Crash SRU Exception

This document describes the policy for introducing new upstream- and micro- releases of the crash utility into Ubuntu releases. Crash typically has two releases per calendar year, around April and November. This can include minor (8.0.4 -> 8.0.5) and major version updates (7.3.0 -> 8.0.0), and both scenarios should be covered under the testing plan detailed in this page.

About crash

Crash is a self-contained tool that can be used to analyze kernel memory dumps (e.g. created by makedumpfile). It's also able to investigate live systems through e.g. /proc/kcore.

Upstream resources:

Rationale for the exception

Crash is extremely helpful for analysis and RCA of kernel issues. Particularly for HWE kernels, new features could be introduced that change the memory structures being parsed by crash. Keeping crash updated to latest stable versions keeps compatibility for older kernels, while allowing LTS releases to work with kernel dumps from newer Ubuntu versions.

Upstream policy enforces backwards compatibility

Although crash does not seem to have a formal release policy documented, upstream maintainers take extensive care so that the tool always remains backwards-compatible. This ensures minimal breakage and greater stability of the tool, as any updates are usually restricted to bug fixes and to ensure the tool can continue analyzing memory structures of newer kernels. This is documented in the Contribution Guidelines.

Microreleases are not restricted to bug fixes

As there doesn't seem to be a formal release policy documented, there's no criteria of what can be included in upstream releases.

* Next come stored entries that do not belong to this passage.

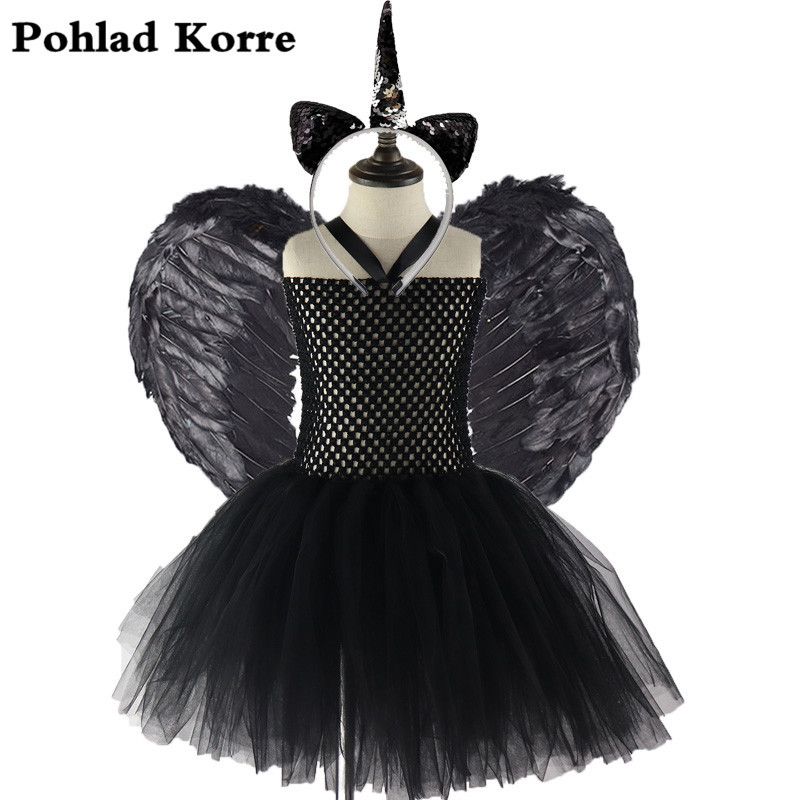 2020 Child Black Feather Unicorn Headband Girls Tutu Dress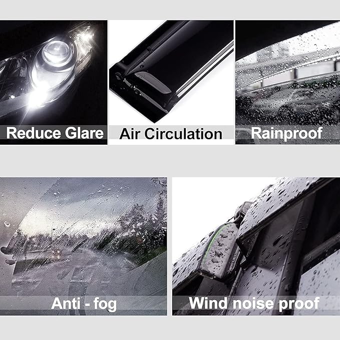 - MAKE JOURNEY ENJOYABLE: You can drive in comfort with our side Window Deflectors,without worrying about the noisy wind, chilly snow, annoying rain sprays,blazing sunshine.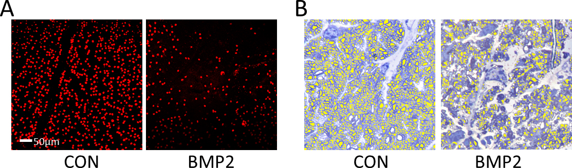 G (IgG) and imaged with epifluorescence microscopy. B: The morphology of the myelinated axons (toluidine blue stained) of mice 36 days after intracameral transduction with BMP2.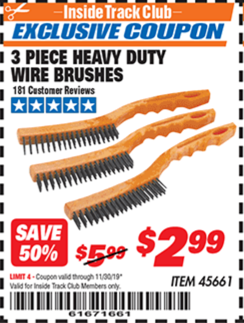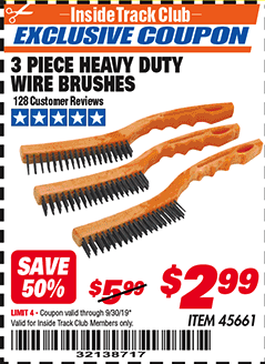 ITC 3 PIECE HEAVY DUTY WIRE BRUSHES Lot No. 45661 Expired: 9/30/20 - $3.99 Coupon Code: '45661'

Historically, this has involved compatibility patches to new kernels and architectures, regression fixes, cleanup commits, as well as minor quality-of-life features. Considering a new crash release is not necessarily restricted to bug fixes only, we can't always push an upstream release to Ubuntu as per the New upstream microreleases section of the SRU docs. The upstream project also doesn't seem to have a formal testing procedure in place, which we hope to cover for Ubuntu more extensively through the test plans below.

SRU Process

For new releases of the crash utility, the following criteria need to be validated and documented in a public Launchpad bug:

  1. Crash must be able to correctly open a kdump-captured image of the system
  2. Crash must be able to correctly execute against HWE kernels

Kernel crash dumps should be captured with default parameters for a given Ubuntu release, as this will cover the more general scenario for the tool. Alternatively and with appropriate justification from the SRU requester, crash can be validated against a live system image as well.

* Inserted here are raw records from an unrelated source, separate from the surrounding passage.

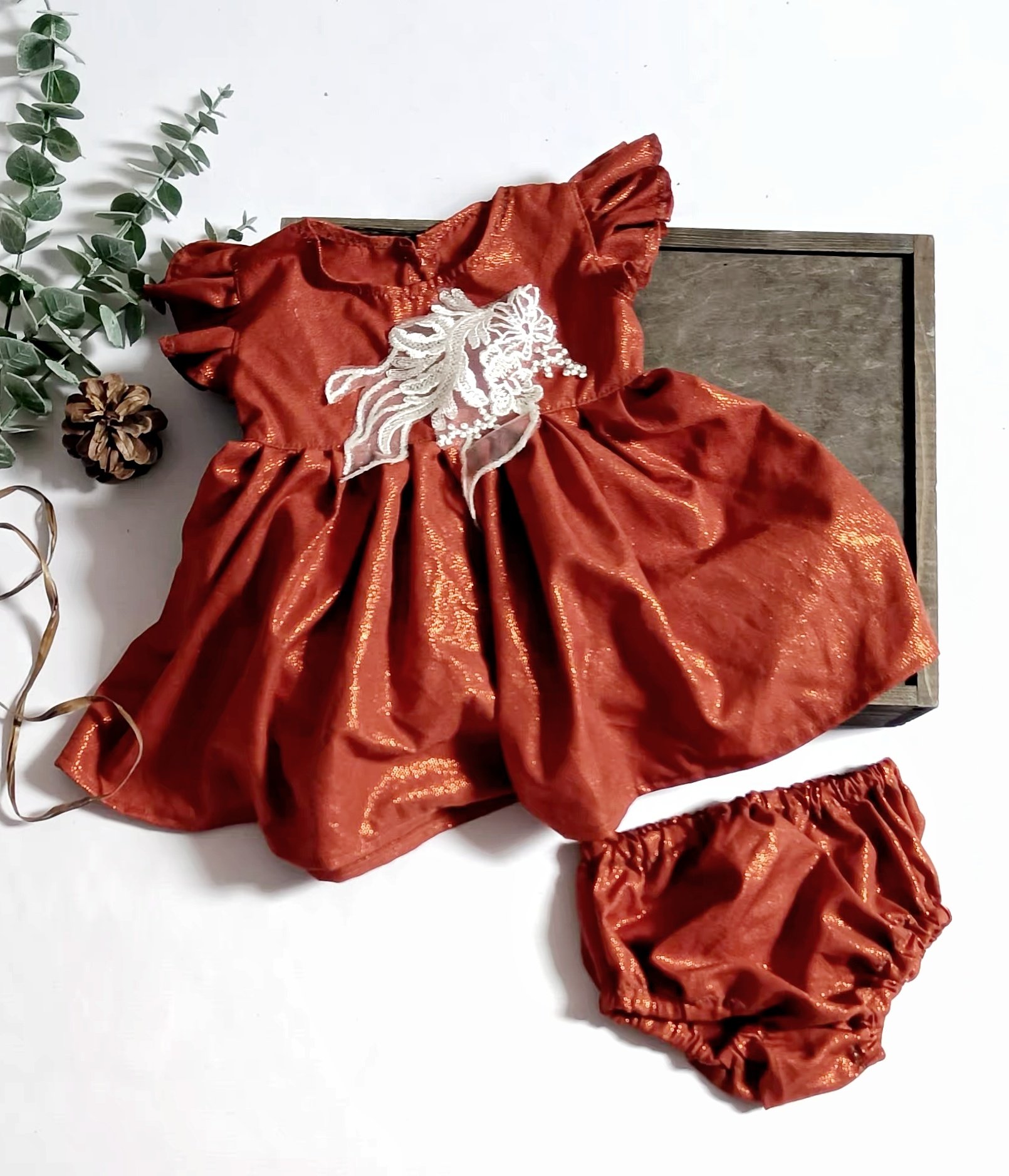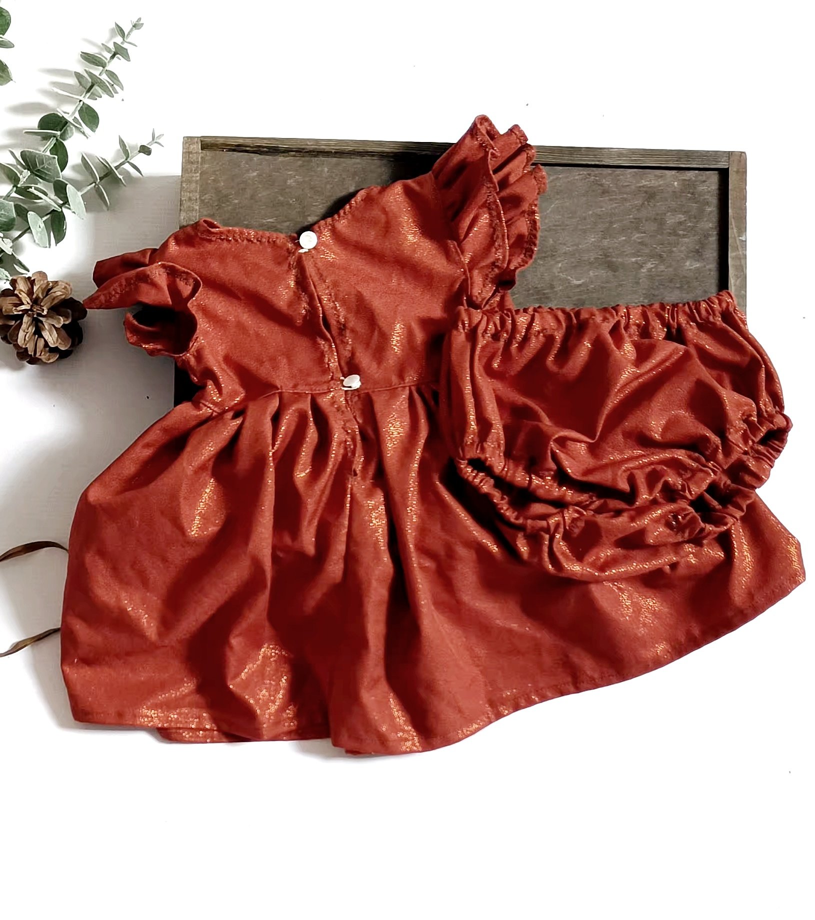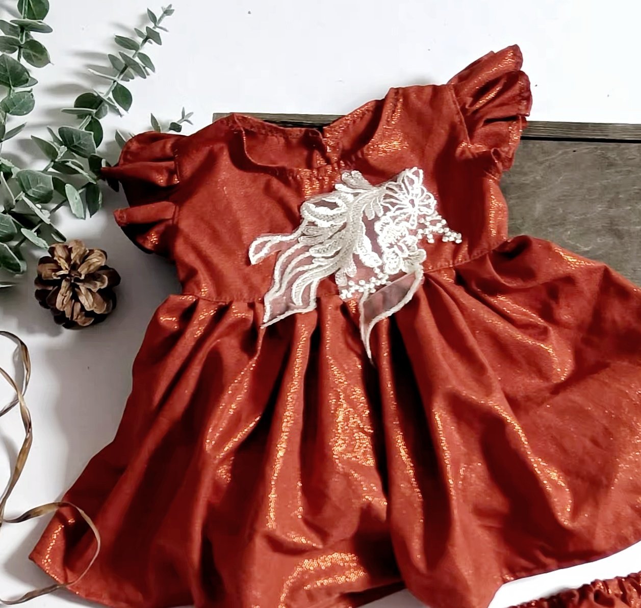Capture charming sitter photos with our handcrafted 9-12 months photography set. Includes a dress and matching panties made of soft and elegant fabrics in a glowing dusty orange color. The dress is fully open and fastened with buttons at the back for easy dressing and comfort. Perfect for professional photo sessions. International shipping available to France, Germany, Italy, Spain, Austria and other European countries.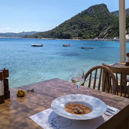 Asimopetra is a slightly fancy yet beautifully relaxed restaurant, located just a meter from the sea. On nights with a full moon, the view is magical as the moon reflects on the shimmering water.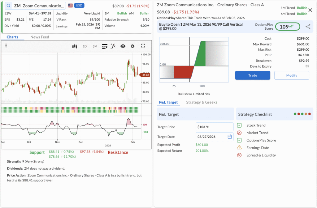 The Trade: Buy to Open the ZM Mar 13 2026 90/99 Call Vertical @ $2.99 Debit.

The SRU should ensure major supported architectures are working correctly with a new crash version. x86_64 and ARM64 should be considered mandatory; other supported Ubuntu architectures are left at the discretion of the requester. Likewise, we're only concerned that crash is able to open and parse kernel dumps correctly, extensions or specific crash commands are not going to be covered with this test.

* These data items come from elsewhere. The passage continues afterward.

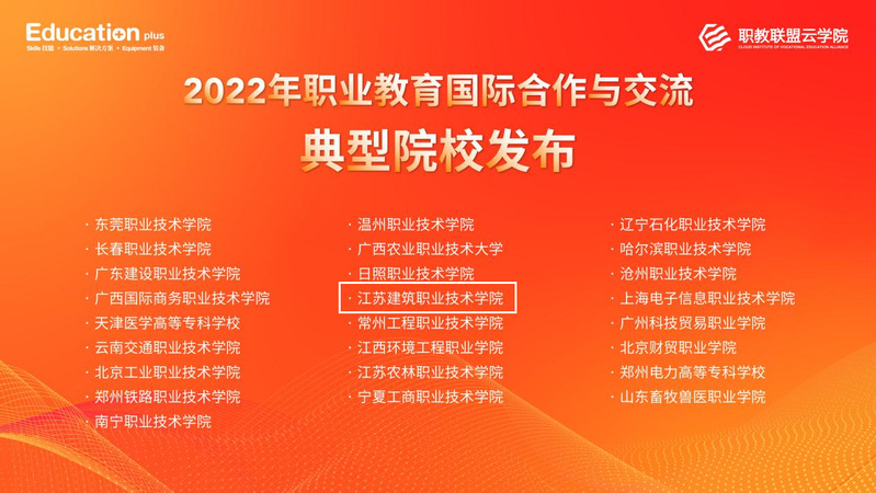12月7日,由德国斯图加特联合展览集团LMS、EducationPlus 国际职业教育大会暨展览会组委会、东莞职业技术学院等单位联合主办的2022 EducationPlus(第六届)国际职业教育大会在线上举行。会上公布了2022年职业教育国际合作与交流典型院校名单,我校成功入选。校长沈士德受邀线上出席活动开幕式,并作题为《江苏建院为“一带一路”国家职教发展供电赋能》的主旨交流发言。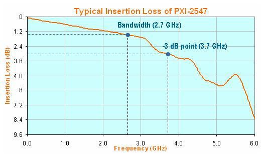 Bandwidth of a product is also thought, by many, to be its -3 dB bandwidth. This viewpoint is accurate for instruments such as digitizers where the bandwidth specification of the device is in fact the -3 dB point of the analog front end of the instrument. However, for an RF switch, the relation between bandwidth and -3 dB does not always hold true. While some vendors do in fact specify bandwidth at -3 dB, others do not. An example of this can be seen from the graph in Figure 8, which shows insertion loss of the NI PXI-2547 at its bandwidth (2.7 GHz) in conjunction with its -3 dB point (3.7 GHz).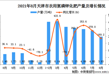 中商情报网讯:据中商产业研究院数据库显示,2021年8月天津市农用氮磷钾化肥3.93万吨,同比增长169.2%。 数据来源:中商产业研究院数据库 2021年8月天津市农用氮磷钾化...【详情】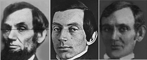 Now, you might be thinking it's not possible to measure two faces and compare the measurements, and you are absolutely correct. You cannot measure features in one photo and then compare them to the other as did Claude N. Frechette, MD, a plastic and reconstructive surgeon who was hired in 1987 by a man named Albert Kaplan to analyze an old Daguerreotype that he believed was that of a young Lincoln. Below is Frechette's comparison of Kaplan's photo (far left), the Meserve #1 photo of Lincoln taken by Shepherd in 1846 (middle) and an 1862 Brady photo of Lincoln (far right).
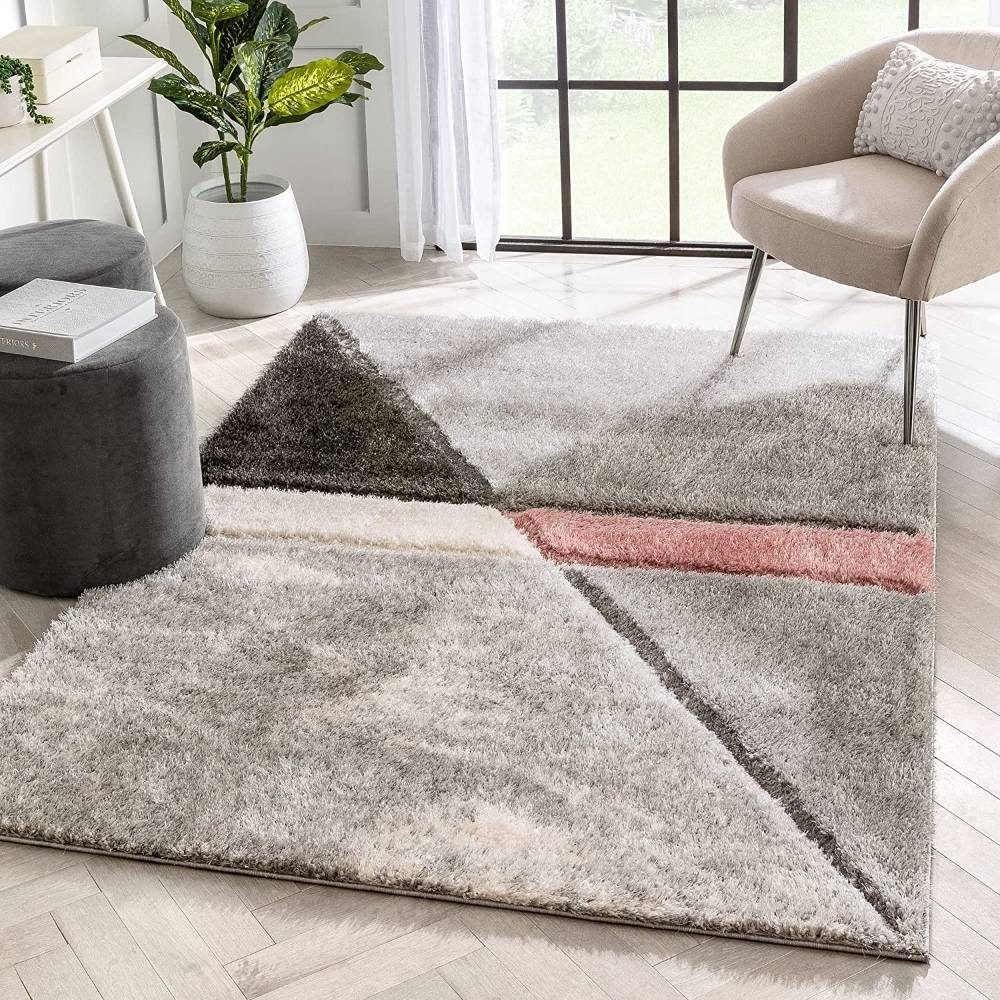 - Features a geometric pattern with blush and grey accents

Flavors & derivative kernels

The targets above should cover most of the crash users, but it does leave out specific flavors and other derivative kernels like linux-aws, linux-azure, etc. Although there are plans to have full automated coverage of all Ubuntu kernels eventually, these derivative kernels could be considered close enough to their regular counterparts as to not warrant dedicated testing. The reasoning is that the majority of the backports for the flavors are going to have an upstream/mainline counterpart, for which upstream crash will need compatibility regardless. If we keep crash updated and compatible to the latest upstream kernel (and the GA/HWE Ubuntu kernels as explained above), these backported patches should be covered as well. The kernel-team has agreed that these flavors do not need specific coverage, as per this discussion on the kernel-team ML.

Requesting the SRU

The SRU should be requested following the regular SRU process, with additional notes about the validation steps described above. A suggested template for new releases covered under the SRU exception can be found below.

Template

New Upstream release for crash-<version>

[Impact]

This new release contains important bug fixes and compatibility patches for [...].

[Upstream Changes]

TODO: link to upstream changelog, making note of any significant commits like compatibility to new kernel versions or new architectures

[Test Plan]

The test plan from CrashUpdates was followed. Attached are console logs for each covered kernel version and architecture.

x86_64

aarch64

Focal 20.04 GA (5.4.0-26.30)

Focal 20.04 HWE (5.15.0.122.132~20.04.1)

[Where problems could occur]

TODO: document any potential issues or risky patches, as per regular SRU process

[Other Info]

TODO: fill out any relevant information to the test plan or the new release

Checklist

Previous crash updates bugs

CrashUpdates (last edited 2024-10-04 15:40:44 by halves)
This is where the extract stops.